To fix this you could try to:
1. loosen the range of package versions you've specified
2. remove package versions to allow pip to attempt to solve the dependency conflict

Now run python -m pip install --ignore-installed --dry-run "adlfs~=2023.1" "dask[complete]~=2021.10" "gcsfs>=2023.1, <2023.3" and it completes:

Would install Jinja2-3.1.4 MarkupSafe-2.1.5 PyJWT-2.8.0 PyYAML-6.0.1 adlfs-2023.8.0 aiohttp-3.9.5 aiosignal-1.3.1 async-timeout-4.0.3 attrs-23.2.0 azure-core-1.30.2 azure-datalake-store-0.0.53 azure-identity-1.16.1 azure-storage-blob-12.20.0 bokeh-3.4.1 cachetools-5.3.3 certifi-2024.6.2 cffi-1.16.0 charset-normalizer-3.3.2 click-8.1.7 cloudpickle-3.0.0 contourpy-1.2.1 cryptography-42.0.8 dask-2021.12.0 decorator-5.1.1 distributed-2021.12.0 frozenlist-1.4.1 fsspec-2023.1.0 gcsfs-2023.1.0 google-api-core-2.19.0 google-auth-2.30.0 google-auth-oauthlib-1.2.0 google-cloud-core-2.4.1 google-cloud-storage-2.17.0 google-crc32c-1.5.0 google-resumable-media-2.7.1 googleapis-common-protos-1.63.1 idna-3.7 isodate-0.6.1 locket-1.0.0 msal-1.28.1 msal-extensions-1.1.0 msgpack-1.0.8 multidict-6.0.5 numpy-1.26.4 oauthlib-3.2.2 packaging-24.1 pandas-2.2.2 partd-1.4.2 pillow-10.3.0 portalocker-2.8.2 proto-plus-1.23.0 protobuf-4.25.3 psutil-5.9.8 pyasn1-0.6.0 pyasn1_modules-0.4.0 pycparser-2.22 python-dateutil-2.9.0.post0 pytz-2024.1 requests-2.32.3 requests-oauthlib-2.0.0 rsa-4.9 setuptools-70.0.0 six-1.16.0 sortedcontainers-2.4.0 tblib-3.0.0 toolz-0.12.1 tornado-6.4.1 typing_extensions-4.12.2 tzdata-2024.1 urllib3-2.2.1 xyzservices-2024.6.0 yarl-1.9.4 zict-3.0.0

pradyunsg commented 5 days ago

@notatallshaw IIUC, this has been fixed in resolvelib and we need to pull in that fix here?

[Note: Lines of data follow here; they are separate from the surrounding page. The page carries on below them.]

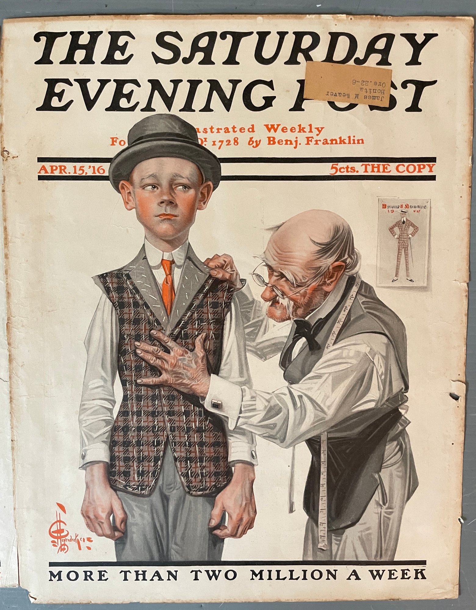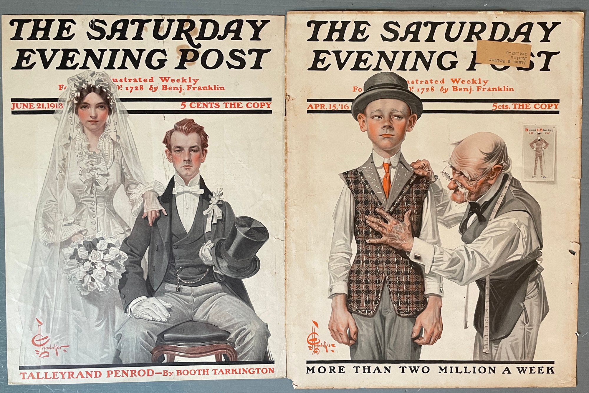 2 SATURDAY EVENING POST 1910s J.C. Leyendecker Original Covers
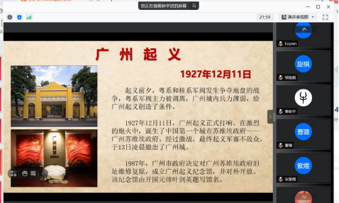 钟宇洁同志以广州起义为话题,为班级同学详细讲述了广州起义的具体内涵和来龙去脉。她说,尽管此次起义失败了,起义军英勇无比的战斗精神给了中国人民新的鼓舞,促使人们坚持不懈地为中国革命事业顽强奋斗。
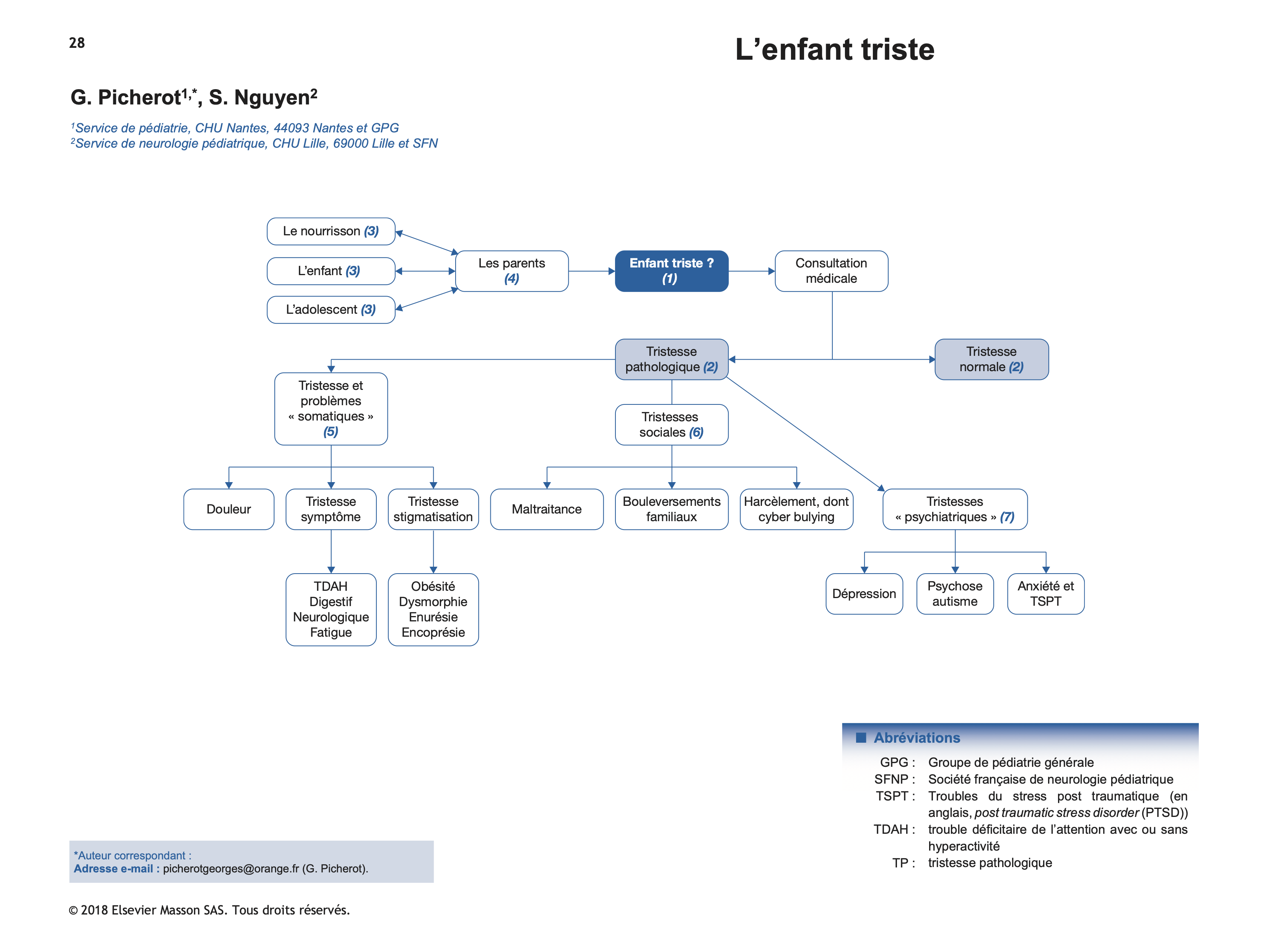 (2) La démarche de ce Pas à Pas concerne la tristesse pathologique (TP) de l’enfant qui amène les parents à une consultation pédiatrique avec ce motif « mon enfant est triste ». Si ce mot tristesse est souvent prononcé, il n’est finalement que très peu retrouvé dans les bibliographies pédiatriques. La limite entre normal et anormal est imprécise. On peut retenir que la tristesse anormale est une tristesse qui dure et entraîne quel que soit l’âge une inquiétude de l’entourage. Lorsqu’elle est pathologique la tristesse est accompagnée d’un retentissement comportemental, social et somatique plus ou moins associés selon les causes de la tristesse.

notatallshaw commented 5 days ago

No, this is an example of a requirement not fixed by the fallback implemented in resolvelib.

Either, backjumping needs to be removed (or made optional) to fix this, or we go with https://github.com/sarugaku/resolvelib/issues/134#issuecomment-2180745024 and document the provider needs to behave in a certain way, and then we will need to update the pip provider to comply.

I am working on a PR on the resolvelib side to document this behavior, and give an example with a test provider, and then we'll see where we go from there.